This study aimed to investigate the efficacy and side effects of transconjunctival botulinum toxin type A (BTX-A) injection for treating upper eyelid retraction (ULR) associated with thyroid eye disease (TED).

Methods

This clinical before–after case series involved 30 eyes of 26 patients with TED-induced ULR in the congestive and fibrotic stages. BTX-A (Dysport®) was injected into the levator palpebrae superioris through the conjunctiva at 10, 20, and 30 UI, depending on the baseline margin reflex distance 1 (MRD1) level. Patients were monitored and followed up at 1 week, 1, 3, and 6 months postinjections. Complications and patients’ feelings after treatment were documented.

Results

The mean MRD1 decreased to 3.5 ± 2.08 mm after a week. The success rate (MRD1 within a normal range) was highest 3 months postinjection at 66.67%. Ptosis was the only complication with a 60% incidence rate and lasted not >3 months.
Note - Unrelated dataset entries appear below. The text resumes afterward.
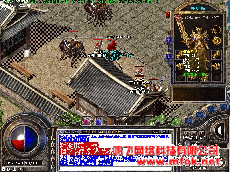 鸣飞科技的本版本是传奇外传、复古、英雄合击完美融合,等级非常好升、PK超爽,让你体验新装备体系及武器升级系统、装备星级、拍卖、闯天关、开宝箱、狂爆元宝、独特副本地图各种大型任务,结合了传奇、征途游戏精华,真正引领牛年传奇主流趋势。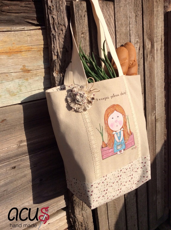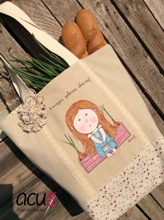 Шитье одежды, выкройки, ремонт одежды, шторы, швейные машины (уже приобретенные)Сотворилась еще одна сумка тоте, теперь с рисунком в моем исполнении по мотиву картины Е. Гапчинской " У каждой девочки свой сад!"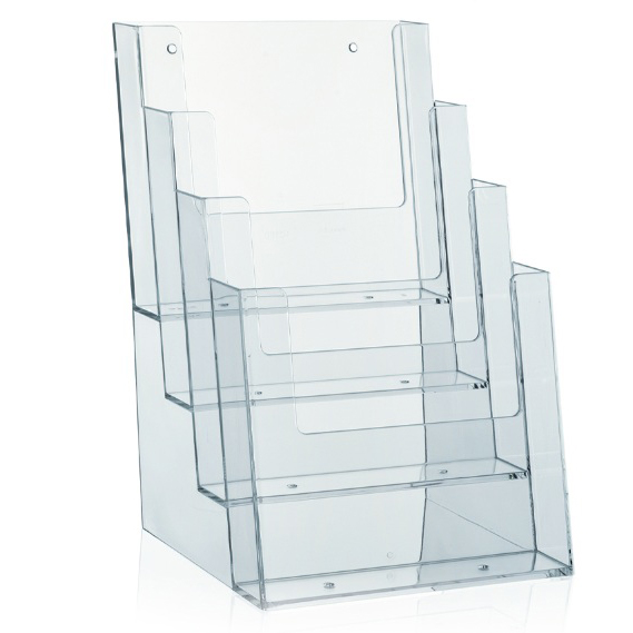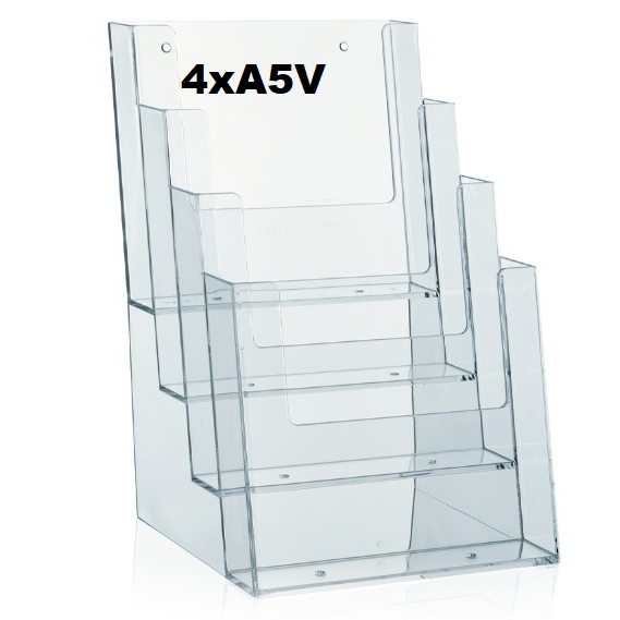 Transparente Prospekthalter für die Theke in verschiedenen Größen. Polystyrol-Spritzguß kristallklar.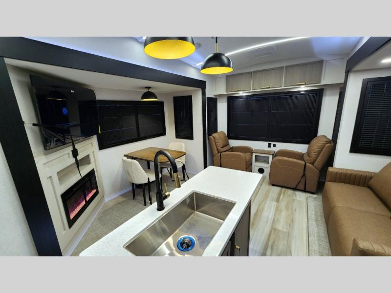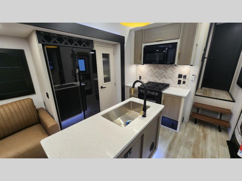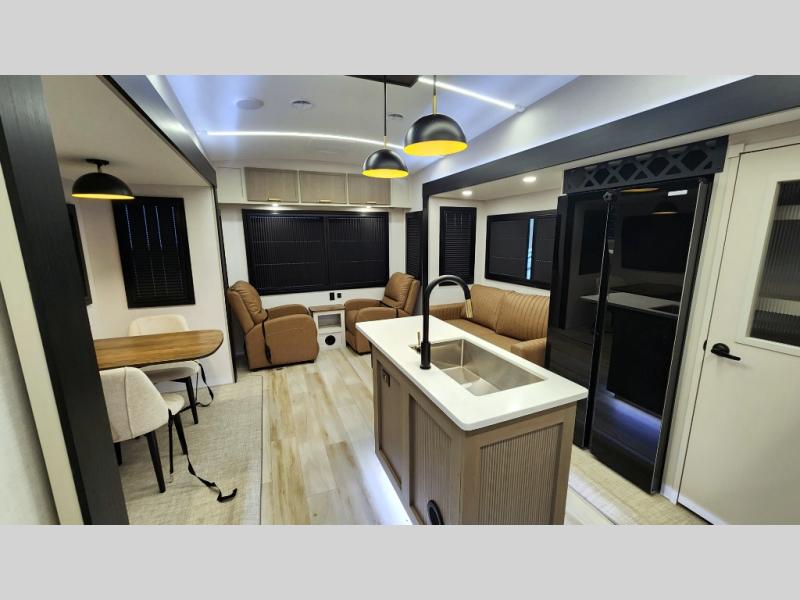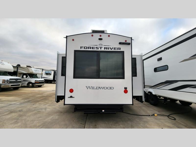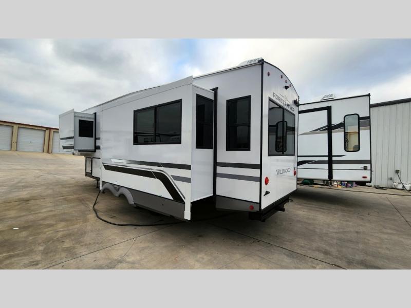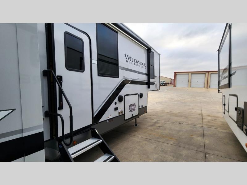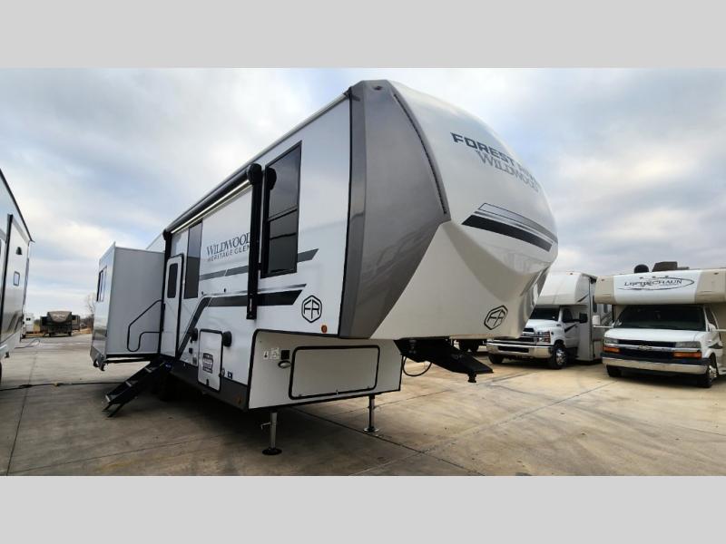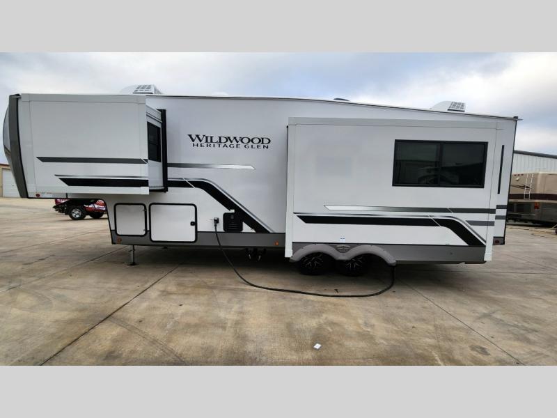 With any Wildwood Heritage Glen fifth wheel by Forest River, the quality construction, attention to detail and design along with a bright and welcoming interior allows you to relax in comfort. You'll love the high-end solid surface countertops included in the Elevated Value Package, along with a JBL sound system, full-length barreled ceilings, and an ultimate interior lighting upgrade. The included Expedition Package features an Accesibelly underbelly panel with 12V tank heaters, nitrogen-filled tires with aluminum rims, and a spacious 30" wide main entry door with a window. The Lippert On-The-Go ladder prep and back-up camera prep let you customize your fifth wheel even more, and the LED awning, front cap, marker and taillights will make it easier than ever to set up camp!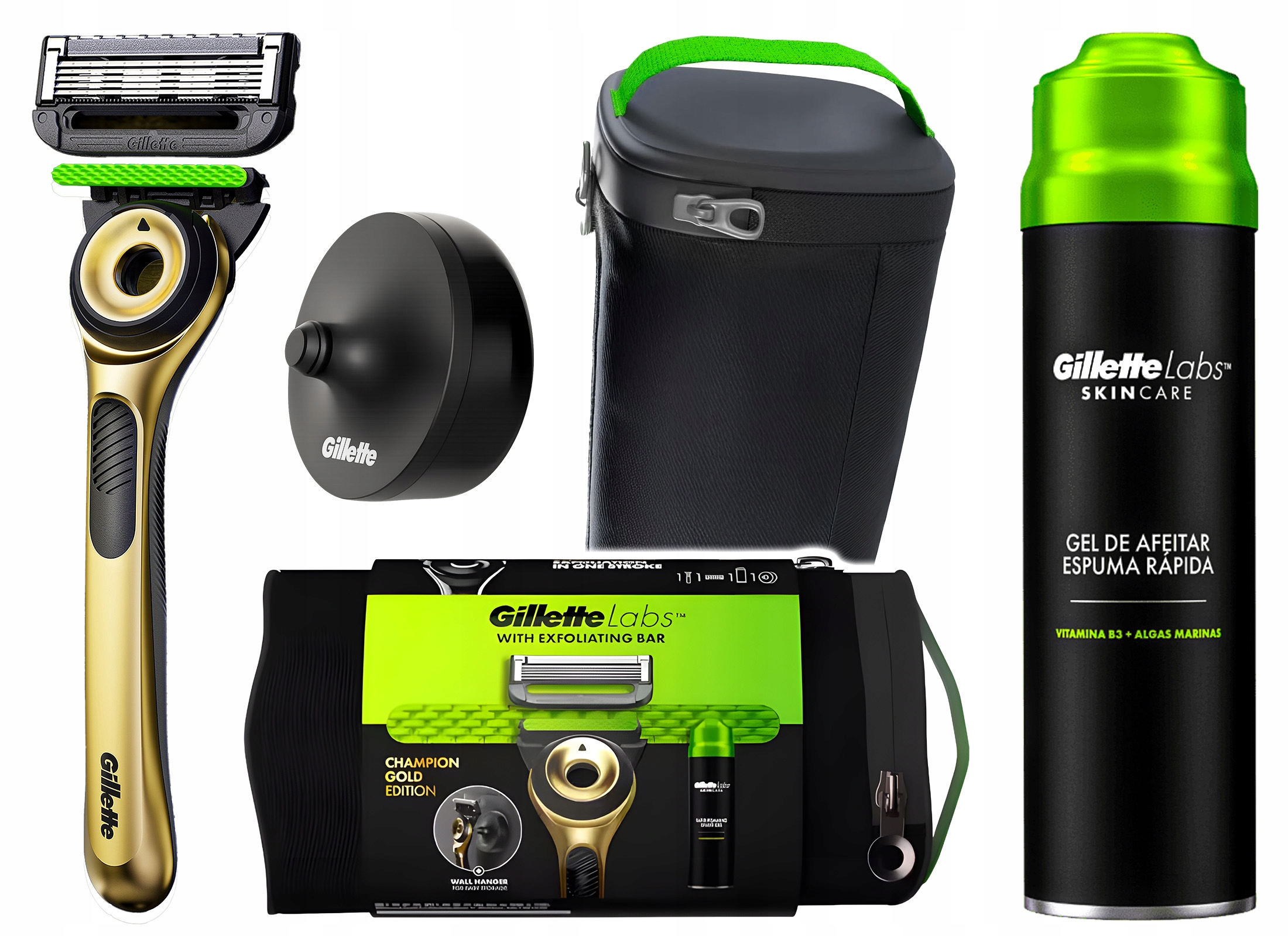 Maszynka GILLETTE Labs Champion Gold Edition + żel do golenia 198 ml + uchwyt Gillette 3M + etui podróżne ️🛡️– gładkie i komfortowe golenie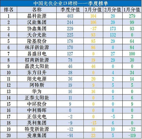 从2017年开始,中国能源企业口碑榜的光伏企业口碑榜,由月度发布改为季度发布。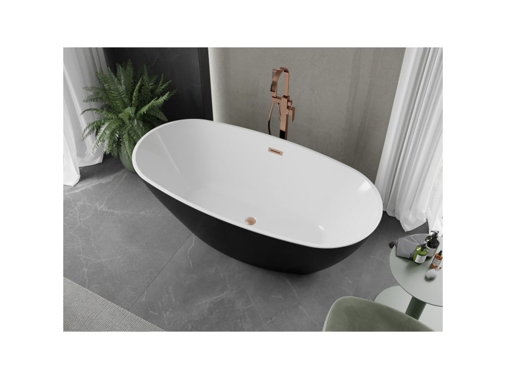 Mexen Eris voľne stojaca vaňa 180 x 95 cm, biela/čierna, prepad z brúsenej medi - 53441809575-65

In the significant majority of patients, the symptoms reduced, and they were satisfied with their appearance posttreatment (73.07%).

Discussion

This method is applied to manage ULR due to TED, especially in patients who are unwilling for surgeries with a high success rate, reducing discomforts and improving patient satisfaction with their appearance.

Conclusion

Transconjunctival BTX-A injection is an effective and safe method for treating TED-induced ULR. However, ptosis is a prevalent transient complication.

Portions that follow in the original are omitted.